I'm wandering off the point. The point is that I was writing one kind of poetry, and that poetry, when I succeeded in placing it, was embedded in a matrix containing the very same kind of poetry, none of which I could bear to peruse for more than a minute if I hadn't written it.
The point is that I very much love my little blog, but it doesn't make me want to read most other people's blogs. There. That's clear enough.
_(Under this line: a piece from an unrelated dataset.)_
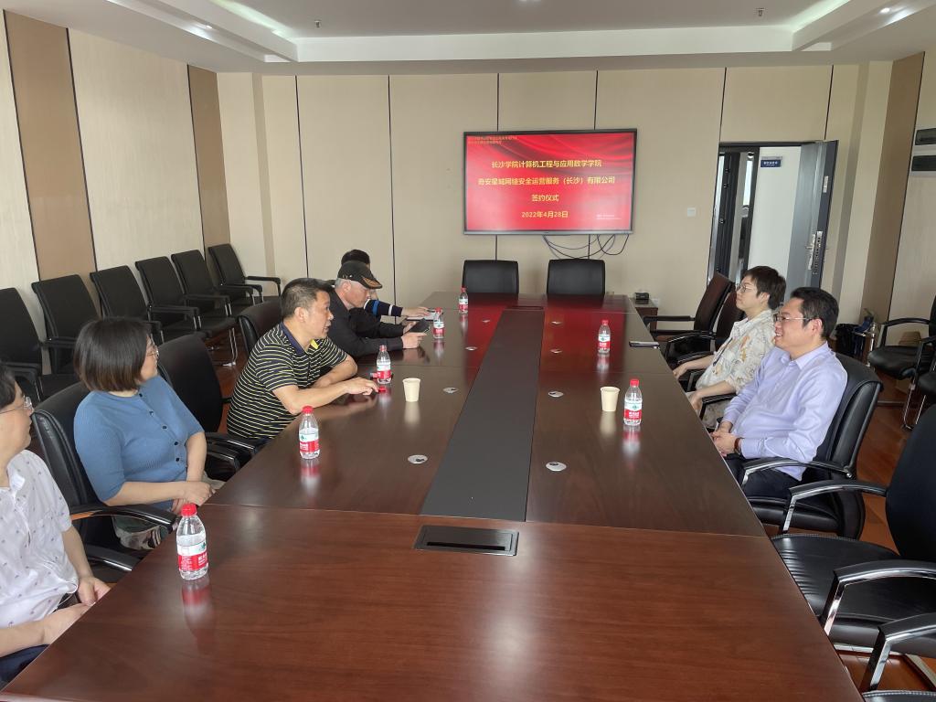 为深入推进就业“一把手工程”,在稳就业保就业促就业上出实招,长沙学院计算机工程与应用数学学院(以下简称计数学院)于4月28日上午9:30,在致远楼1612会议室与奇安星城网络安全运营服务(长沙)有限公司举行就业实习基地协议签约仪式,公司总经理王鑫、综合管理部总监范丽萍作为代表出席,计数学院院长李方敏、党总支书记曾一兵、副院长何文德、副院长赵碧海、党总支副书记廖良梅作为院方代表参加,校企双方代表举行会谈,双方就产学研合作交换意见,取得了丰硕的合作成果。

I go up to the little icon in the upper right corner of this page and I click blindly through a dozen of the millions of other blogs hosted by this exceedingly charitable site. I have yet to stumble upon one that I've bookmarked and returned to. Indeed, I've yet to find through any means a blog I liked that was a) NOT political; b) NOT informational, that is, not designed to collect and disseminate facts and insight about some place, thing or activity, the expressive qualities of that dissemination of quite secondary importance; c) NOT written by a personal friend -- I've yet to find a blog outside any of these three categories to which I have ever returned.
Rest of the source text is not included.